Las cinco amigas. Libro Segundo (11)

Laura duerme satisfecha después de comérsela a Raúl, pero sigue muy insatisfecha. ¡Necesita más! Una nueva amiga aparece y sus capacidades las sorprenderán

Estaba tan cansada que casi no me pude desmaquillar. No me costó conciliar el sueño, todavía con el esperma de Raúl moviéndose garganta arriba y abajo a pesar del buen vaso de agua que me había bebido. Dormí muy bien, mejor de lo que recordaba que se podía. Los sueños que tuve, en cambio, fueron más eróticos que nunca. Volvía a ser un hombre que se follaba a una chica que era igualita que yo pero con las tetas mucho más grandes y el culo de proporciones lógicas. Me desperté cuando estaba cerca de alcanzar el orgasmo en el coñito de la morenaza. Lo hice con una mano en lo que una vez fue mi rabo, intentado pajear una erección que no tendría jamás. Mi deseo por correrme era una necesidad física y dolorosa, como si hiciera mucho que no lo conseguía y pudiera solucionarlo esa mañana de sábado antes de volver a los brazos de Morfeo. Asir esa cosita blanda que me habían dejado, tan insensible como un dedo del pie me alarmó. Al sentarme, noté mis pequeños pechos bambolearse. Los cubrí con mis palmas y noté su extrema sensibilidad. Todos mis recuerdos me inundaron de golpe. Volví a saber quién era y, con ello, que no tenía forma alguna de encontrar alivio sexual verdadero. Que siempre estaría caliente y dispuesta a dar el placer que a mí me estaba vedado.

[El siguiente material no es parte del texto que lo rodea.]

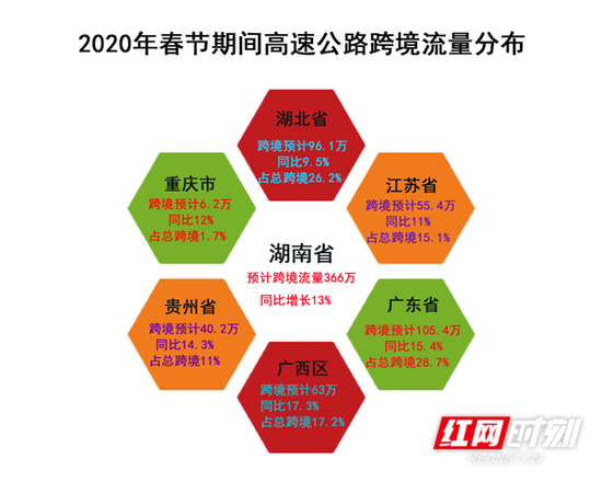 自正月初二、初三开始,短途探亲车流增长迅猛,主要以长沙及各市(州)城市为中心向周边县市、乡镇发散,初四至初六,各县市、乡镇车流向重点城市为中心汇聚,呈现返程高峰。 预计2020年春节期间全省高速公路出入口通行车辆总数为2686万辆,日均流量383万辆,是平日的2.2倍。峰值日预计出现在正月初六(1月30日),峰值日流量将再创新高,可能突破500万辆,是平日的2.9倍。 春节假期跨境流量约为366万辆 根据预测,春节假期跨境流量约为366万辆,较去年增长13%。 预计2020年春节期间,往返湘粤车辆总数约为105.4万辆,较去年增长15.4%,约占春节跨省车辆总数的28.7%。日均流量为15万辆,峰值出现在正月初六,预计湘粤跨境峰值达28万辆。湘粤跨境通道流量从高到低依次排序是:京港澳高速小塘门架(40.7万),二广高速南风坳门架(27.4万),武深高速九龙江门架(21.3万),许广高速堡城门架(15.9万)。 ![]() 往返湘鄂的车辆总数约为96.1万辆,较去年增长9.54%,占春节跨境车辆总数的26.2%,日均流量13.7万。由于湘鄂省际收费站较多,运行态势与往年相同,预计峰值出现在正月初六,湘鄂跨境峰值流量为15.9万辆。湘鄂跨境通道流量从高到低依次排序是:二广高速城头山门架(23万),京港澳高速羊楼司门架(20万),许广高速道仁门架(14.5万),杭瑞高速大界门架(13.3万)、张南高速湘西北门架(10.8万)、华常高速华容北门架(8.6万)、武深高速冬塔门架(5.9万)。 往返湘赣的车辆总数约为55.4万辆,较去年增长11%,占春节跨境车辆总数的15.1%,日均流量7.9万。预计峰值出现在正月初六,湘赣跨境峰值流量为12.5万辆。湘赣跨境通道流量从高到低依次排序是:沪昆高速金鱼石门架(29.5万)、泉南高速高陇门架(7.8万)、浏洪高速洪口界门架(5.7万)、杭长高速张坊门架(5.6万)、厦蓉高速热水门架(5.1万)、莆炎高速炎陵门架(1.7万)。 往返湘桂的车辆总数约为63万辆,较去年增长17.3%,占春节跨境车辆总数的17.2%,日均流量9万。预计峰值出现在正月初六,湘桂跨境峰值流量为15.5万辆。湘桂跨境通道流量从高到低依次排序是:泉南高速枣木铺门架(21.9万)、厦蓉高速永安关门架(12.2万)、永贺高速永济亭门架(11.6万)、包茂高速通道门架(10.3万)、呼北高速崀山门架(7万)。 往返湘黔的车辆总数约为40.2万辆,较去年增长14.35%,占春节跨境车辆总数的10.9%,日均流量5.7万。预计峰值出现在正月初六,湘黔跨境峰值流量为8.7万辆。湘黔跨境通道流量从高到低依次排序是:杭瑞高速凤凰西门架(27.3万)、沪昆高速新晃门架(12.9万)。 往返湘黔的车辆总数约为6.2万辆,较去年增长12%,约占春节跨省车辆总数的1.7%,湘渝间仅有一个省际站,路网运行态势与往年相似。 春节期间易堵节点 节假日公众出行需求越来越旺盛,特别是春节假期,对小型客车实施免费通行政策,易导致路网出现缓行和拥堵。 省内预计易缓行路段为:G5513长张高速长益段、S50长芷高速长沙段、G4京港澳高速郴州南段、G60沪昆高速与G6021许广高速交汇的塔岭枢纽互通路段、G60沪昆高速梽木山枢纽至隆回路段、G6021杭长高速永安段、G0422武深高速炎陵西枢纽互通路段。出行者需提前了解假期交通拥堵情况,合理安排出行,避开流量高峰及拥堵路段,错峰出行,或选择绕行路径。 易拥堵收费站为:G4京港澳高速临长段广福、星沙、平江西、岳阳收费站,长潭段雨花、李家塘、昭山、马家河收费站,潭耒段株洲西收费站,耒宜段郴州收费站;G5513长张高速长益段长沙西、朝阳收费站;G60沪昆高速潭邵段邵阳南、周旺铺、邵东收费站;G6021杭长高速长永段长沙、三一、黄花、永安收费站;G0401长沙绕城高速松雅湖、长龙、干杉、鹿芝岭、黄花塘、坪塘、大托、洞井、万家丽南、捞刀河、新港、星城、金桥、万家丽北收费站;G0421许广高速潭衡段杨嘉桥收费站,桂武段舂陵江收费站;S50长芷高速岳麓收费站;S21长株高速榔梨东收费站;S01韶山高速韶山站;S41长潭西高速学士收费站;机场高速长沙东站。 易拥堵服务区为:G4京港澳沿线各服务区(小塘、宜章、苏仙、永兴、耒阳、雁城、衡山、昭山、长沙、大荆、临湘等服务区);G60沪昆高速沿线服务区(金鱼石、湘潭、邵东、宝庆、隆回、洞口等服务区);G5513长张高速长益段的宁乡、益阳服务区;以及G55二广高速的蓝山、九嶷山、宁远北、阳明山、零陵和邵阳等服务区。 易拥堵枢纽互通为:G60沪昆高速与G0421许广高速交汇的塔岭枢纽互通,G4京港澳高速与G60沪昆高速交汇的殷家坳枢纽互通,G5513长张高速与G0421许广高速交汇的简家坳枢纽互通,S50长芷高速与G0421许广高速交汇的道林枢纽互通, G60沪昆高速与G55二广高速交汇的梽木山枢纽互通, G6021杭长高速与G0401长沙绕城高速交汇的黄花枢纽互通,G6021杭长高速与G4京港澳高速交汇的长沙北枢纽互通,G4京港澳高速与G0401长沙绕城高速交汇的李家塘枢纽互通, G60沪昆高速与G65包茂高速交汇的竹田枢纽互通,G0422武深高速与G1517莆炎高速交汇的炎陵西枢纽互通。 此外,春节假期期间,中短途旅游车辆会比较多,目的地多为省内热门景区,提醒湘潭韶山、南岳衡山、凤凰景区、张家界武陵源景区周边路段或将有较大的流量压力。此外湖南通往湖北赤壁、广西龙胜、江西宜春,省内宁乡灰汤、郴州汝城和张家界江垭温泉等景区周边的高速也将是出行热点路段。 特别提醒,预计春节假期期间,前往韶山瞻仰伟人故里和前往南岳衡山祭祀的游客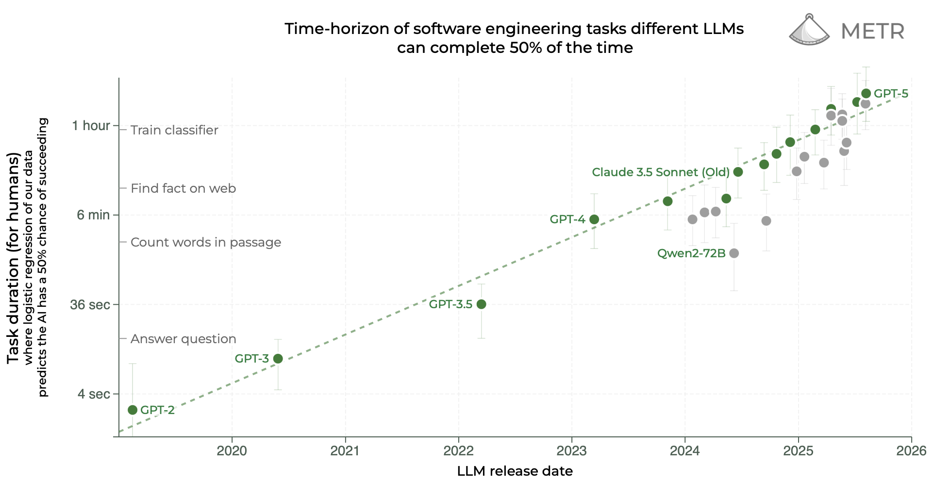 The cutting edge of RL in reasoning is training for longer and longer tasks, as evidenced by METR’s research showing that (for a certain type of research engineering work) the task length that models can succeed on (measured in hours it would have taken a human) has been doubling every 7 months.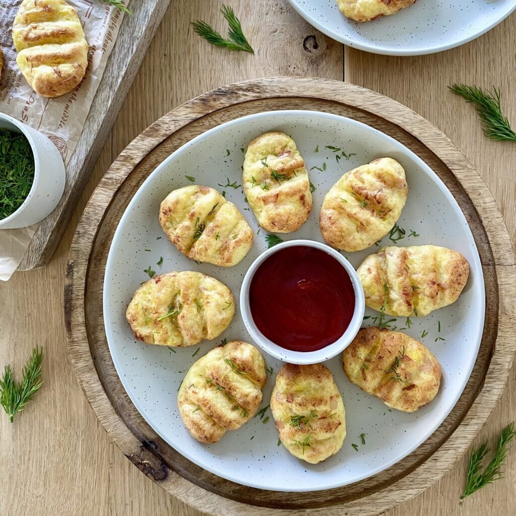 Pieczone kotlety ziemniaczane z szynką z frytkownicy beztłuszczowej to zdrowsza alternatywa dla tradycyjnie smażonych dań. Kombinacja ziemniaków i szynki nadaje im wyjątkowego smaku i konsystencji. Dzięki użyciu frytkownicy beztłuszczowej kotlety stają się chrupiące na zewnątrz, a jednocześnie zachowują soczystość w środku. To danie, które zadowoli wszystkich miłośników klasycznych smaków, będąc jednocześnie lekką i zdrowszą propozycją na obiad lub kolację.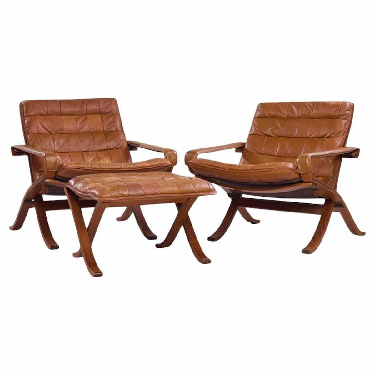 Westnofa Mid Century Norwegian Bentwood and Leather Lounge Chairs - Pair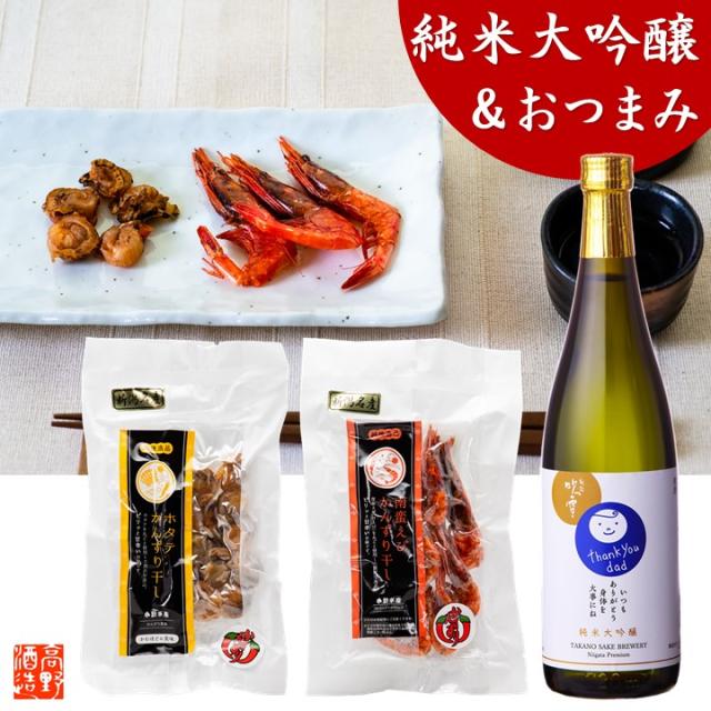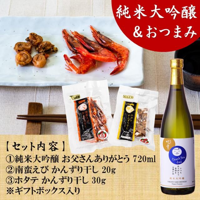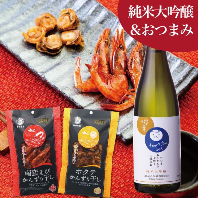 日本酒 おつまみセット 純米大吟醸 お父さん ありがとう 感謝ラベル 越路吹雪 720ml & 珍味 かんずり干し えび・ほたて セット 新潟 高野酒造 送料無料 父の日 敬老の日 60代 70代 80代 ギフト プレゼント 酒 お酒 甘口 贈り物 誕生日 のし可 父 祖父 孫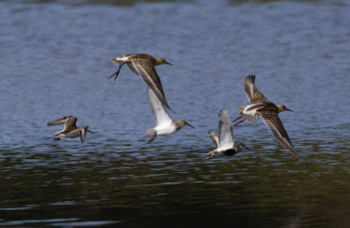Ho una perplessità sul limicolo ripreso in questa sfocata foto, il terzo da destra: in alto ci sono 2 combattenti, tra i 2 piovanelli pancianera cè questo che sembra un combattente ma, sebbene sia leggermente dietro, ha dimensioni minori (femmina?)in particolare le zampe e soprattutto non ha le parti inferiori del corpo sfumate/omogenee come mi aspetterei, ma si intravede un bel contrasto tra il petto marrone ed il ventre bianco.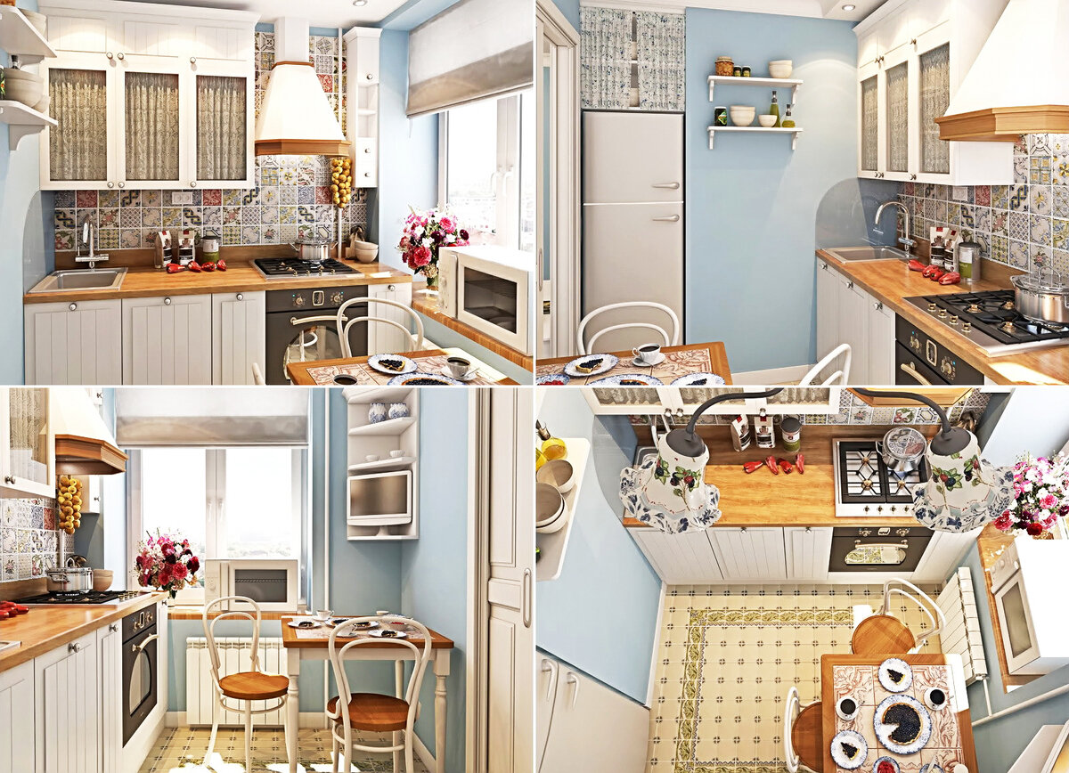 Когда мы живём в маленькой квартире, то естественно и кухня имеет не большие габариты. Для кого - то это не проблема, но чаще всего это может доставить некоторые неудобства. Поэтому первым делом мы хотим что – то изменить в данном интерьере, чтобы в итоге получилось комфортно и уютно. Так как каждая хозяйка хочет, чтобы её главное пространство было не только красивым, но и довольно комфортным для приготовления пищи. Прежде чем начинать перепланировку данного помещения, в первую очередь необходимо учитывать некоторые элементы данной комнаты. Чаще всего на кухне очень высокая влажность воздуха, от частого приготовления пищи. Поэтому для отделочных работ, лучше всего использовать материал, который имеет хорошую устойчивость к влаге. Для покрытия пола, лучшим вариантом будет покрытие, которое довольно прочное, когда на его поверхность упадёт любой кухонный предмет. Для того чтобы ваш интерьер кухни был удобным нужно правильно расположить всю бытовую технику и необходимые предметы обихода.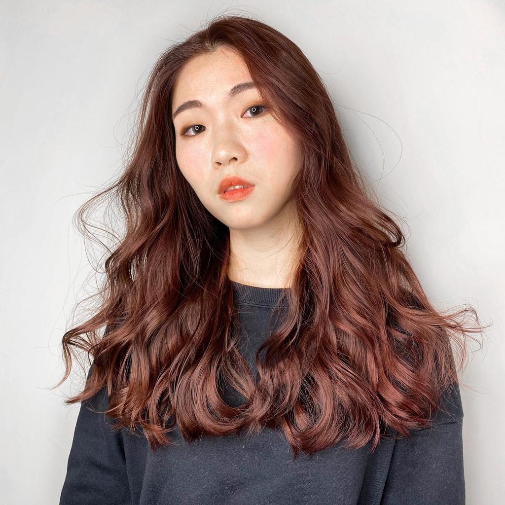 在韓國也是燒到不行的荔枝棕髮色,染完非常顯白,不需要漂、就很容易顯色,在光下則呈現紫紅色澤,既浪漫又有女人味,難怪大家都說它是讓人心動的招桃花髮色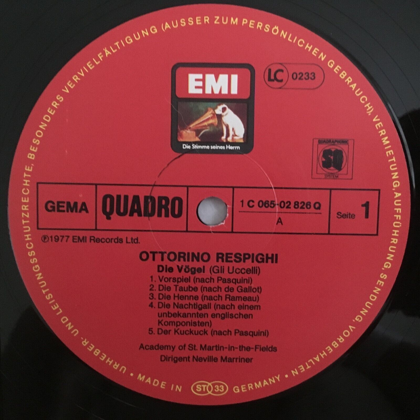 J233 Respighi Gli Uccelli / Trittico Botticelliano Marriner EMI 1C 065-02 826 Q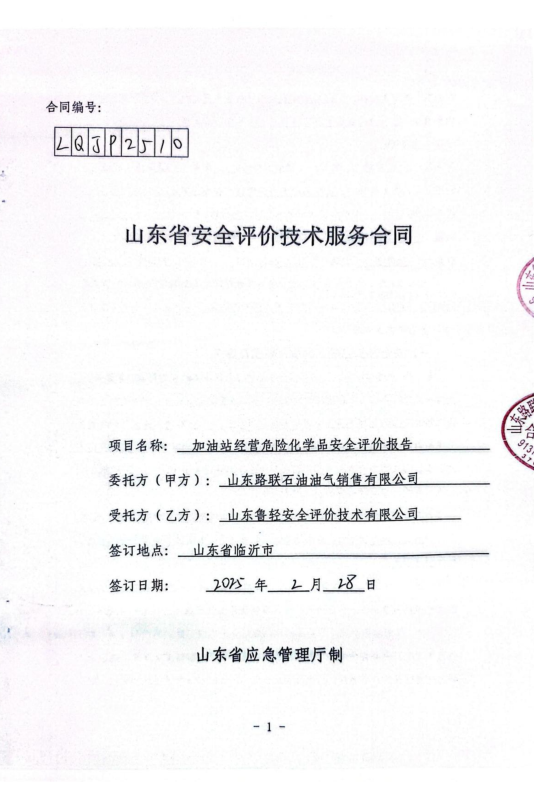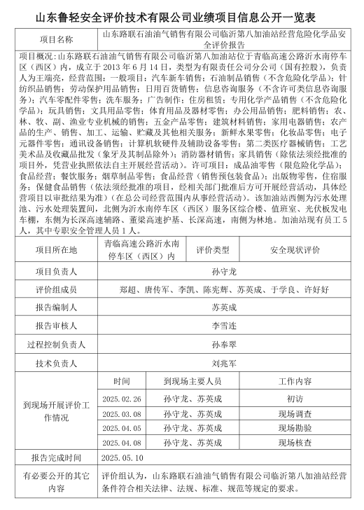 山东路联石油油气销售有限公司临沂第八加油站经营危险化学品安全评价报告

Como los primeros días de mi nueva vida, volví a intentar sentir algo en mi colgajo. Me hice daño antes de parar y recurrir a mis tetitas con forma de media pelota de tenis y sus aréolas gigantes, tan sensibles. Después de rozarlas y pellizcarlas, sintiendo oleadas de placer eléctrico, pasé a acariciarme la piel de los brazos y del torso. En breve estaba jadeando y moviendo mis caderas en el aire. En la pasión del momento no me daba cuenta de que lo hacía como si yo fuera la penetrada. Mi gigantesco culo ondulaba como la gelatina tanto que hasta fui consciente de ello en mi estado. No solo no me importó, sino que me gustó. Ante la futilidad de mi autoerotismo, deseé que un macho me lo estuviera sujetando para follarme muy duro. Ojalá ese macho fuera yo. Esa dicotomía me estaba volviendo loca. Paré cuando todos los gestos habían dejado de ser placenteros para ser molestos. Seguía tan insatisfecha que lloré. Pensé en llamar a Raúl y que viniera a follarme en ese mismo momento. Fui capaz de sobreponerme. Grité de desesperación y luego sollocé largo rato en la almohada, hasta que oí que llamaban a la puerta. No podía abrir en ese estado, pero mi personalidad complaciente me obligaba a ello. Era Natalia.

—¿Te pasa algo, Laura? He oído unos gritos horrorosos.

—No es nada. Necesito un ratito para mí, eso es todo.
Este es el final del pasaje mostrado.